Physical access failures are not the only barrier People with Disabilities face; the attitudes of people without disabilities often cause harm that eclipses any structural obstacle. A trained first aider described a colleague who declined his assistance for no reason other than that he uses a wheelchair, a direct example of how deeply ingrained assumptions about capability can run. A wheelchair user was told by a rail worker that people in her situation deserved to have fun, a remark that treated her enjoyment as a remarkable exception rather than an ordinary right. For many People with Disabilities, this daily exposure to condescension and dismissal weighs on them far more than physical barriers, as People with Disabilities who live with both make clear.

The path to genuine inclusion for People with Disabilities requires action on two fronts.
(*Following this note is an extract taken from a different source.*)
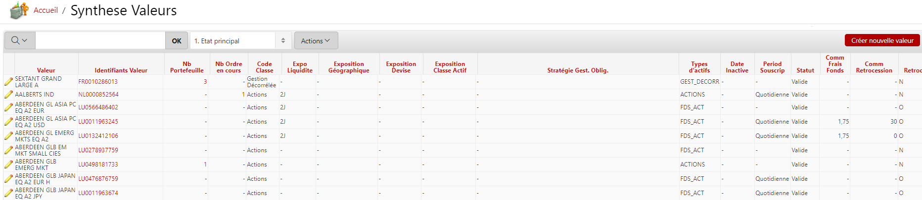 Ce rapport affiche les principales informations relatives aux valeurs. Vous avez la possibilité de modifier l'aspect de ce rapport en utilisant les possibilités de la barre de recherche avec la fonction Sélectionner colonnes.

The first is building accessible infrastructure and pushing governments to prioritize the access rights of People with Disabilities rather than directing public attention toward fraud concerns. The second, and harder, front is attitudinal: it requires people without disabilities to actively begin listening to People with Disabilities. People with Disabilities are highly capable, adaptable problem solvers whose strengths serve them well across a wide range of careers, yet this is persistently disregarded by a society that continues to underestimate them. As the app's founder noted, disability is unique among minority statuses in that any person without one today might find themselves with one at any point, which is why the removal of barriers as a shared responsibility rather than an act of charity is the obligation every Community Builder must own.